Projet de décret portant diverses dispositions relatives aux mesures de protection des espèces animales non domestiques et végétales non cultivées (Consultation terminée)

La présente consultation, fondée sur l’article L. 123-19-1 du code de l’environnement, porte sur un projet de décret portant diverses dispositions relatives aux mesures de protection des espèces animales non domestiques et végétales non cultivées.

Consultation du 24/09/2025 au 19/10/2025 - 32190 contributions

Le contexte :

1) Au niveau international et de l’Union européenne :

La Convention relative à la conservation de la vie sauvage et du milieu naturel de l’Europe (Convention de Berne) du 19 septembre 1979 a récemment été modifiée le 6 décembre 2024 afin de reclasser une espèce, le loup (Canis lupus), relevant du statut d’espèce de faune strictement protégée (annexe II) au statut d’espèce protégée (annexe III).
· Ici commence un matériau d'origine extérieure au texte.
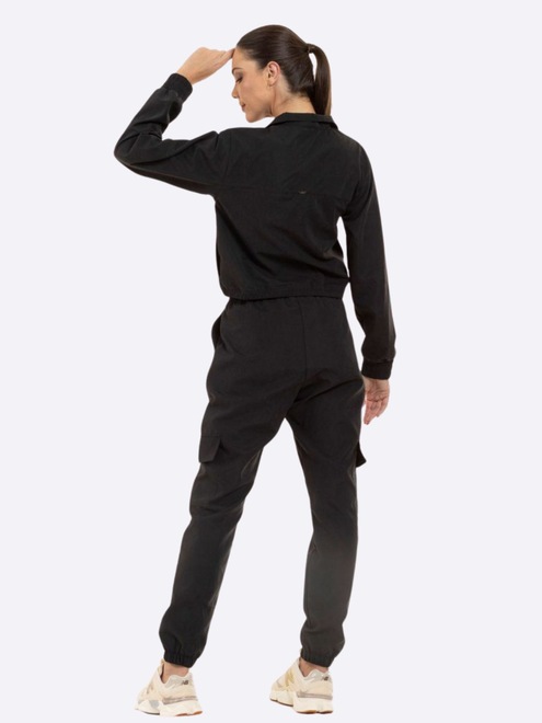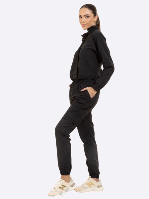Estilo Moderno: O design com zíper, botões e elásticos confere um visual contemporâneo e estiloso.

Cette modification de statut a également eu lieu au sein de la Directive 92/43/CEE du Conseil du 21 mai 1992 concernant la conservation des habitats naturels ainsi que de la faune et de la flore sauvages (Directive Habitats Faune Flore) le 17 juin 2025 avec un passage de la même espèce de l’annexe IV « espèces animales et végétales (…) nécessitant une protection stricte » à l’annexe V « espèces animales et végétales (…) dont le prélèvement dans la nature et l’exploitation sont susceptibles de faire l’objet de mesures de gestion »).

2) Au niveau national :

Le 1° du I de l’article L. 411-1 du code de l’environnement, qui est relatif aux espèces protégées, prévoit que lorsqu’un intérêt scientifique particulier, le rôle essentiel dans l’écosystème ou les nécessités de la préservation du patrimoine naturel justifient la conservation de sites d’intérêt géologique, d’habitats naturels, d’espèces animales non domestiques ou végétales non cultivées et de leurs habitats, sont interdits :

« La destruction ou l’enlèvement des œufs ou des nids, la mutilation, la destruction, la capture ou l’enlèvement, la perturbation intentionnelle, la naturalisation d’animaux de ces espèces ou, qu’ils soient vivants ou morts, leur transport, leur colportage, leur utilisation, leur détention, leur mise en vente, leur vente ou leur achat ».

L’article L. 411-2 du code de l’environnement dispose qu’un décret en Conseil d’État détermine les conditions dans lesquelles sont notamment fixées « les modalités de mise en œuvre des interdictions prises en application du I de l’article L. 411-1 ».

Or, à ce jour, l’article R. 411-3 du code de l’environnement, pris pour l’application de l’article L. 411-2 de ce même code, se contente de confier aux ministres chargés de la protection de la nature et de l’agriculture la compétence pour préciser, pour chaque espèce qu’ils déterminent, la « nature » des interdictions visées au 1°) de l’article L. 411-1 qui trouvent à s’appliquer à celles-ci.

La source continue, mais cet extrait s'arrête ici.